In one embodiment, the target tag further comprises a function call tag; the label description also comprises a plurality of function identifications and calling relations among the function identifications; the processor, when executing the computer program, further performs the steps of: receiving version information uploaded by a plurality of terminals; the terminal acquires module version identifications corresponding to a plurality of function identifications in the label description respectively, and determines version information corresponding to module codes according to the calling relation among the function identifications; the version information comprises a dependency relationship among a plurality of module version identifications; each module is taken as an independent node, each independent node comprises at least one sub-node, each sub-node corresponds to one module version identification, and a dependency relationship among the module version identifications is used for constructing a version dependency monitoring graph for the directed edges; and pushing the version-dependent monitoring graph to a plurality of terminals.

In one embodiment, the processor, when executing the computer program, further performs the steps of: monitoring version updating dynamic state released by a terminal; the version updating dynamic carries version modification description information; determining an independent node dynamically corresponding to version updating in the version dependence monitoring graph, searching all directed edges connected with the independent node, and acquiring label description corresponding to the searched directed edges; comparing the obtained label description with the version modification description information to generate a directed edge modification strategy; and updating the version dependence monitoring graph according to the directed edge modification strategy, and pushing the updated version dependence monitoring graph to a plurality of terminals.

In one embodiment, the processor, when executing the computer program, further performs the steps of: distributing a monitoring graph identifier for the page jump monitoring graph; storing the page jump monitoring graph, and acquiring a storage address link corresponding to the page jump monitoring graph; associating the monitoring graph identifier with the storage address link; and generating a two-dimensional code according to the storage address link, and pushing the two-dimensional code to a plurality of terminals.

In one embodiment, a computer-readable storage medium is provided, having a computer program stored thereon, which when executed by a processor, performs the steps of: receiving an entry operation of a module code, and detecting whether the entered module code contains a preset type of target statement or not according to the entry operation; if yes, generating a corresponding target label and label description according to the target statement, and adding the target label to the position of the target statement in the module code; when a compiling instruction is received, traversing the module code according to the compiling instruction, and extracting a target label; the target tag comprises a page jump tag; acquiring a label description corresponding to a page jump label; the label description comprises a plurality of page identifications and jump relations among the page identifications; sending the label description to a server, and enabling the server to construct a page jump monitoring graph of an application program corresponding to the module codes by taking the page identifications as nodes and taking jump relations among the page identifications as directed edges according to the received label descriptions corresponding to the module codes respectively; and receiving a page jump monitoring graph returned by the server.

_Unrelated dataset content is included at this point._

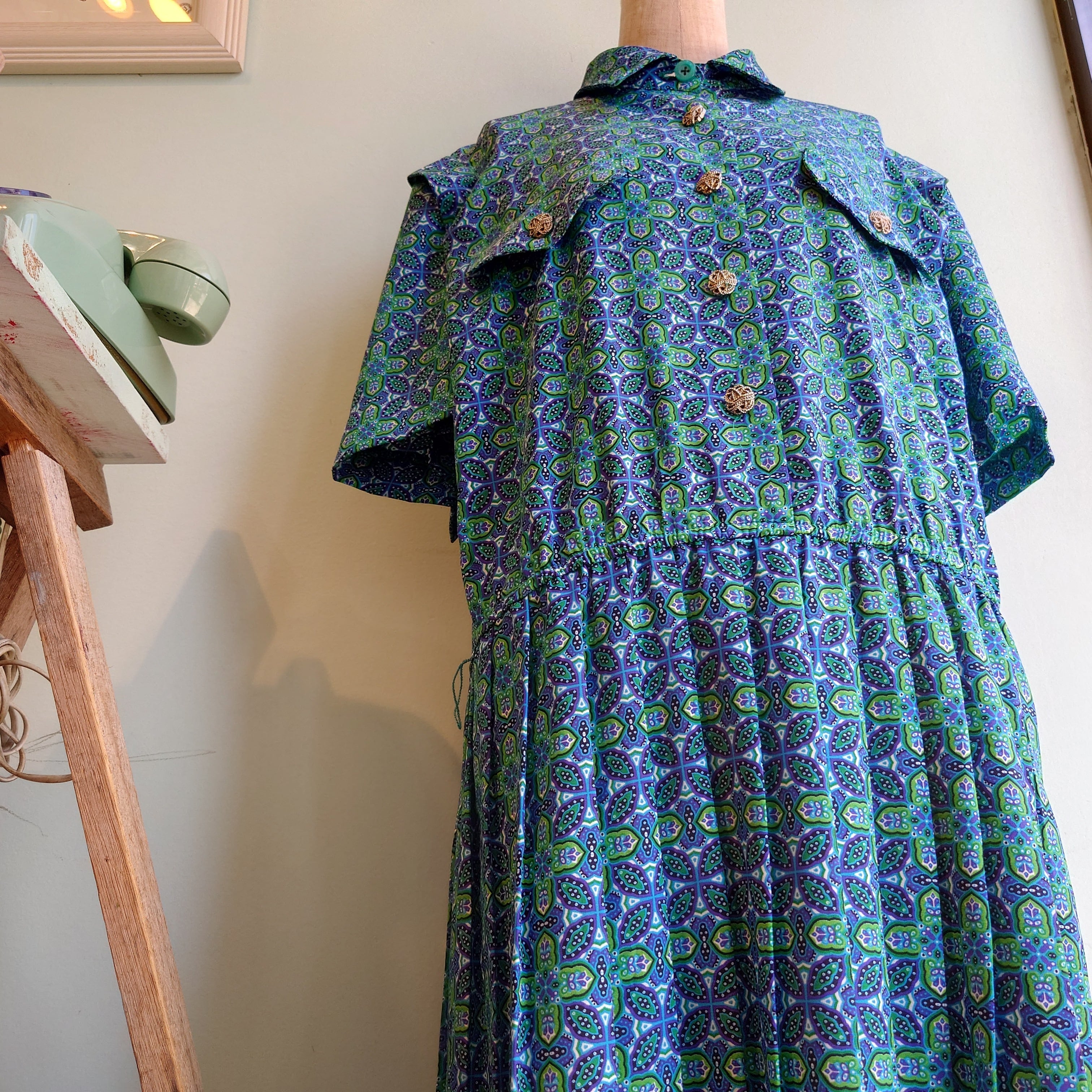 名門、レスリーフェイのヴィンテージドレス。ペイズリー系の総柄が規則正しいレイアウトで並んだ、幻想的な総柄が美しい1枚。緩めストレートのストンとしたシルエットながら、プリーツでひらひら広がる様が絶妙。肩周りのひだや飾りボタンなど、ガーリー要素もたくさん。

In one embodiment, the module code includes page code; the computer program when executed by the processor further realizes the steps of: receiving a design request for a target page, and displaying a design window according to the design request, wherein the design window comprises a page editing area and a plurality of thumbnail icons; capturing the dragging operation of the thumbnail icon, acquiring an element code corresponding to the dragged thumbnail icon, and generating a page element corresponding to the thumbnail icon based on the element code; adding the page elements to corresponding positions of the page editing area according to the dragging operation, and recording the adding sequence of the page elements; when a page saving instruction is received, acquiring a preset template code according to the page saving instruction, and respectively adding element codes corresponding to a plurality of page elements to the template code according to the adding sequence of the plurality of page elements in the page editing area to obtain a target page and corresponding page codes.

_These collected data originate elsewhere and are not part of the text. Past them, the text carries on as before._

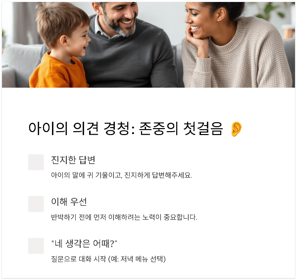4. 의견 존중: 아이의 의견을 무시하지 않고 진지하게 받아들이는 태도를 보여주세요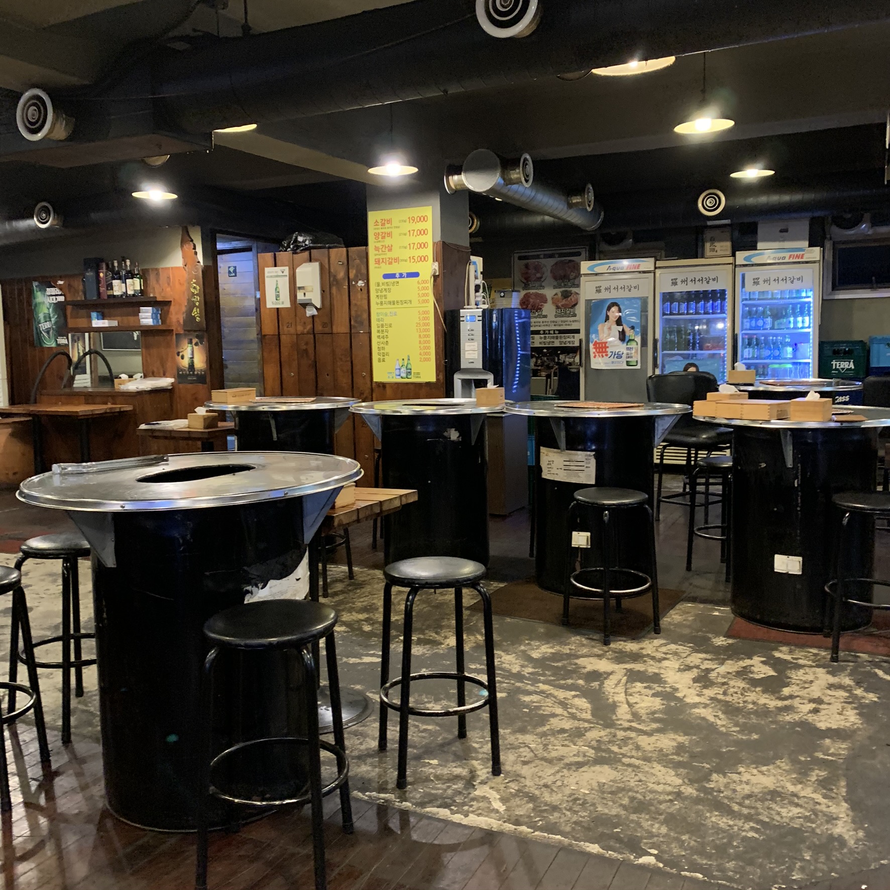 내부 모습입니다. 서서갈비라서 진짜 서서 먹는 갈비집도 있지만 여기는 앉아서 먹습니다.ㅎㅎ 중간에 연탄을 하나 올려놓고 불을 피우면서 구워 먹으면 됩니다. 저렇게 붙어있는 테이블도 있어 단체로 가도 다 같이 먹기도 좋습니다.ㅎㅎ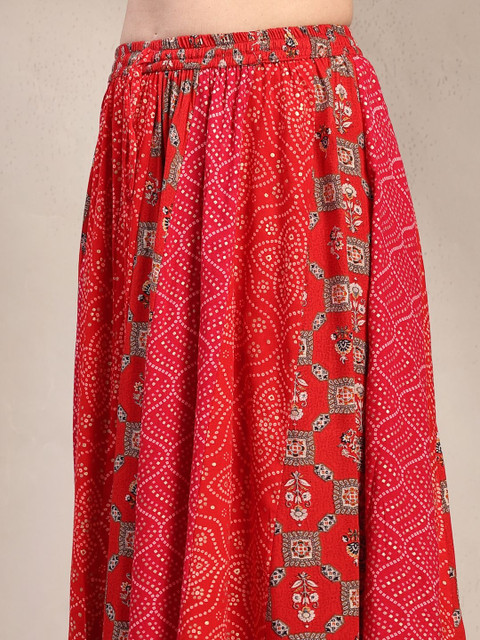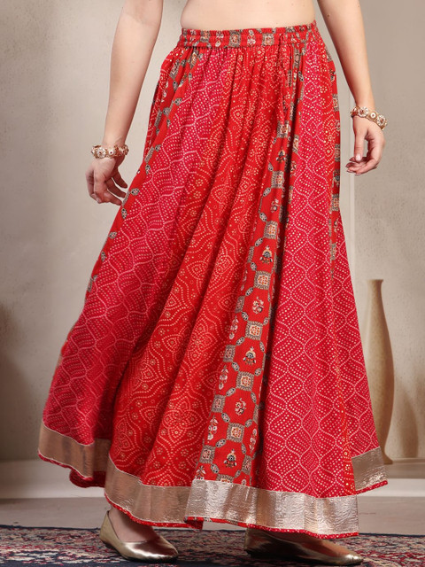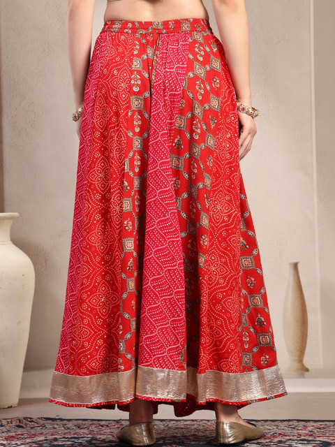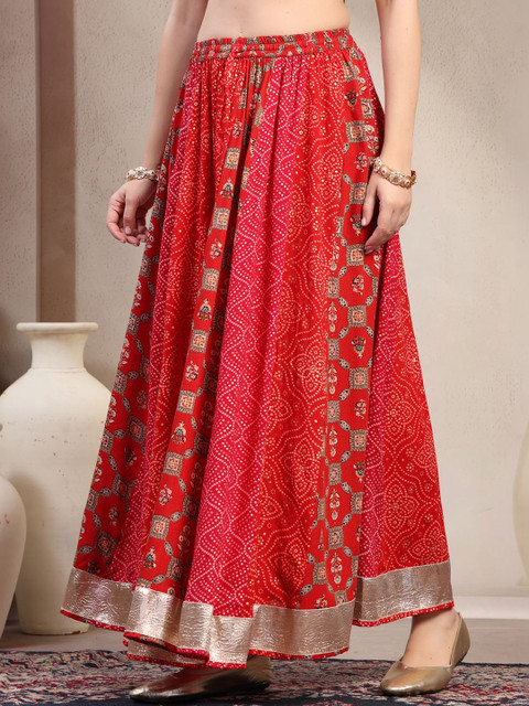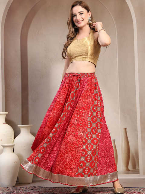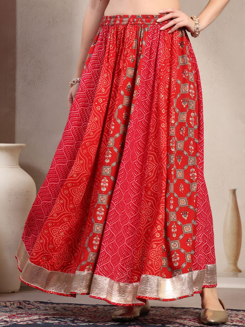 Red and gold-toned self-design flared maxi skirt, has an elasticated waistband with slip-on closure, and a flared hem

In one embodiment, the target tag further comprises a function call tag; the label description also comprises a plurality of function identifications and calling relations among the function identifications; the computer program when executed by the processor further realizes the steps of: acquiring a label description corresponding to the function calling label; acquiring module version identifications corresponding to a plurality of function identifications in the label description; determining version information corresponding to the module code according to the calling relationship among the function identifiers; sending the version information to a server, so that the server respectively corresponds to the version information according to the received module codes, wherein the version information comprises the dependency relationship among the module version identifications; each module is taken as an independent node, each independent node comprises at least one sub-node, each sub-node corresponds to one module version identification, and a dependency relationship between the module version identifications is used for constructing a version dependency monitoring graph of an application program corresponding to the module code for the directed edge; and receiving the version dependence monitoring graph returned by the server.

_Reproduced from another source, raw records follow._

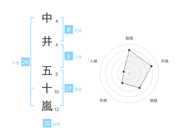 中井 五十嵐さんの総格は35画の4点!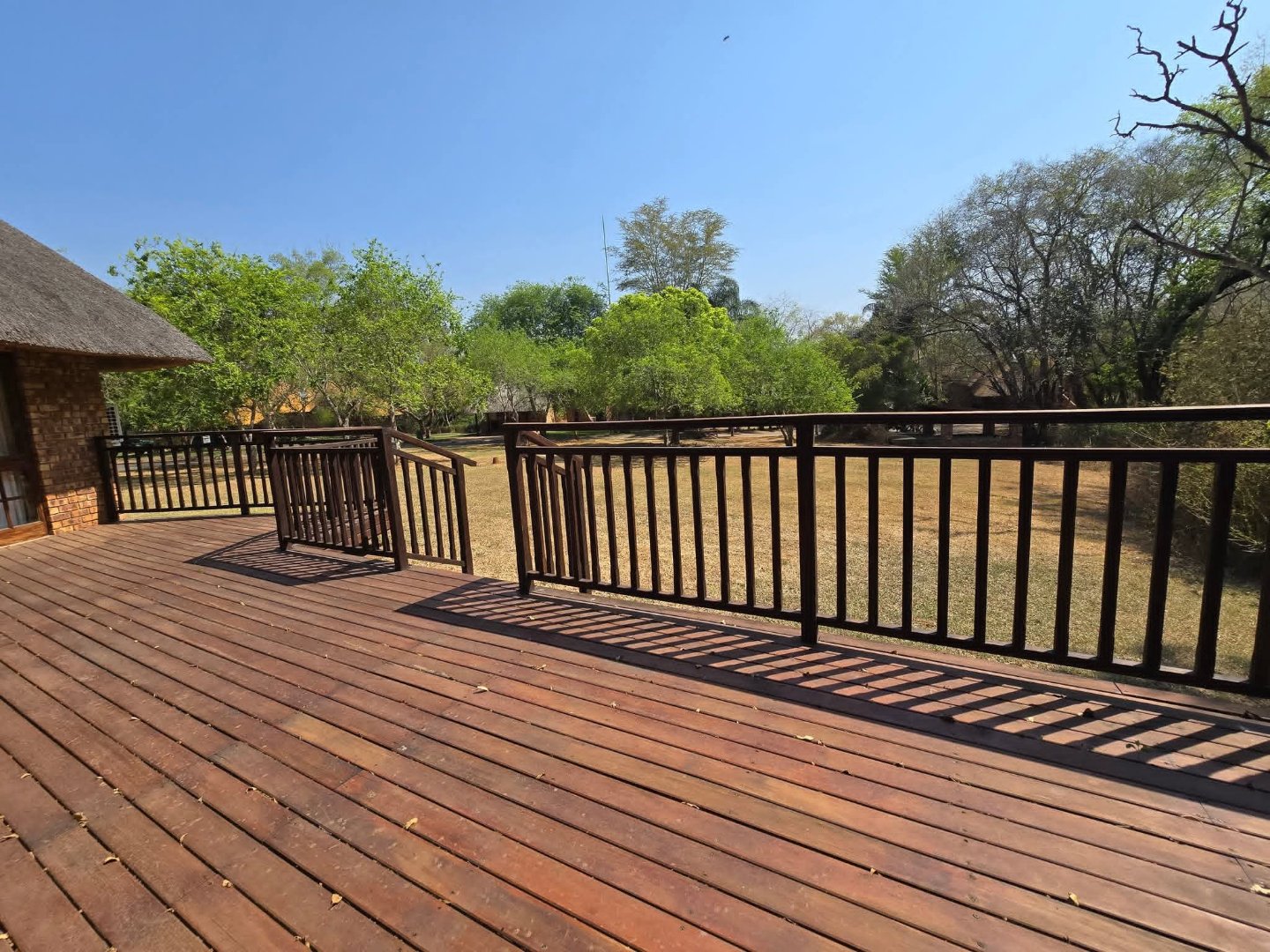 Experience the ultimate getaway at this luxurious property, and a secure location near Kruger National Park. The fully furnished unit includes 3 bedrooms, all en-suite, main lounge with a fireplace, a chef's kitchen with a small laundry facility room, a large patio with fitted jet braai and a spacious deck. The property offers a double carport, has a thatch roof, high-standard safety and security as well as well-maintained grounds. Cleaning Services rendered at extra charge.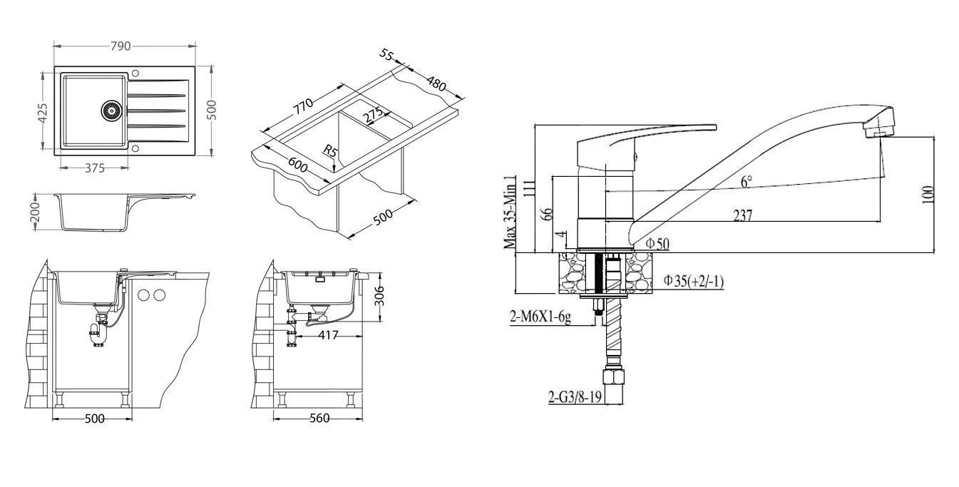 Set keukenspoelbak Cadit 20 met afvoerregeling en kraan Nina

In one embodiment, a computer-readable storage medium is provided, having a computer program stored thereon, which when executed by a processor, performs the steps of: receiving operation information uploaded by a plurality of terminals; the terminal receives the input operation of the module codes and detects whether the input module codes contain target sentences of preset types or not according to the input operation; if yes, generating a corresponding target label and label description according to the target statement, and adding the target label to the position of the target statement in the module code; when a compiling instruction is received, traversing the module code according to the compiling instruction, and extracting a target label; the target tag comprises a page jump tag; acquiring a label description corresponding to a page jump label; the operation information comprises a plurality of label descriptions; the label description comprises a plurality of page identifications and jump relations among the page identifications; constructing a page jump monitoring graph of the APP corresponding to the module codes by taking each page identifier as a node and taking the jump relation among the page identifiers as a directed edge; and pushing the page jump monitoring graph to a plurality of terminals.

In one embodiment, the target tag further comprises a function call tag; the label description also comprises a plurality of function identifications and calling relations among the function identifications; the computer program when executed by the processor further realizes the steps of: receiving version information uploaded by a plurality of terminals; the terminal acquires module version identifications corresponding to a plurality of function identifications in the label description respectively, and determines version information corresponding to module codes according to the calling relation among the function identifications; the version information comprises a dependency relationship among a plurality of module version identifications; each module is taken as an independent node, each independent node comprises at least one sub-node, each sub-node corresponds to one module version identification, and a dependency relationship among the module version identifications is used for constructing a version dependency monitoring graph for the directed edges; and pushing the version-dependent monitoring graph to a plurality of terminals.

In one embodiment, the computer program when executed by the processor further performs the steps of: monitoring version updating dynamic state released by a terminal; the version updating dynamic carries version modification description information; determining an independent node dynamically corresponding to version updating in the version dependence monitoring graph, searching all directed edges connected with the independent node, and acquiring label description corresponding to the searched directed edges; comparing the obtained label description with the version modification description information to generate a directed edge modification strategy; and updating the version dependence monitoring graph according to the directed edge modification strategy, and pushing the updated version dependence monitoring graph to a plurality of terminals.

In one embodiment, the computer program when executed by the processor further performs the steps of: distributing a monitoring graph identifier for the page jump monitoring graph; storing the page jump monitoring graph, and acquiring a storage address link corresponding to the page jump monitoring graph; associating the monitoring graph identifier with the storage address link; and generating a two-dimensional code according to the storage address link, and pushing the two-dimensional code to a plurality of terminals.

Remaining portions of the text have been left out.